The market may be having a tough time this week, but that hasn't stopped the broker recommendations from flooding in.
Below are three shares that top brokers have named as buys this week. Should you buy them?
Australia and New Zealand Banking Group (ASX: ANZ)
According to a note out of Citi, it has retained its buy rating and $30.50 price target on the banking giant's shares. The broker has held firm with its recommendation despite the bank revealing that its FY 2018 profits would be hit by costs relating to customer compensation and the Royal Commission. Due to ANZ Bank's strong CET1 ratio, the broker doesn't appear concerned by these costs which had largely been expected by the market.
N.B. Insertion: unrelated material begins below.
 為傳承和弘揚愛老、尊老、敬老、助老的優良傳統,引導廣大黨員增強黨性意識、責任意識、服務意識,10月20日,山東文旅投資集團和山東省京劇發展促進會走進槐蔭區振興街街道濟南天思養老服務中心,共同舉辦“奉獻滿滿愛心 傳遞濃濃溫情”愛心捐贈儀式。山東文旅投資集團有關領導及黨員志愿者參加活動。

I agree with Citi on ANZ Bank and think it is a great option after recent share price declines
NEXTDC Ltd (ASX: NXT)
A note out of UBS reveals that its analysts have retained their buy rating and $9.30 price target on this data centre operator's shares after it announced plans to acquire its landlord Asia Pacific Data Centre Group (ASX: AJD). According to the note, if the acquisition goes ahead then the broker expects it to be positive for its FY 2019 profits, but less so over the medium term. I agree with UBS on NEXTDC and feel that the cloud computing boom makes it a great buy and hold option.
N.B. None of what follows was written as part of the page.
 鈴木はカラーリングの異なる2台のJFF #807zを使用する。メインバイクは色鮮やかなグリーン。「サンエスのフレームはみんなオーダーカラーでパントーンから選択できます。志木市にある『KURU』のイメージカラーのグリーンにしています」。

Regis Healthcare Ltd (ASX: REG)
Analysts at Ord Minnett have retained their buy rating on this aged care operator's shares but slashed the price target on them to $3.30. While the broker feels that the Royal Commission into the aged care sector will weigh heavily on investor sentiment, it still sees value in Regis' shares at these levels. It believes Regis is the highest quality operator in the sector and expects its recently opened facilities to support its cash flows. While I agree that Regis is a quality operator, I'm staying well clear of the sector until after the inquiry, as you never know what will be uncovered.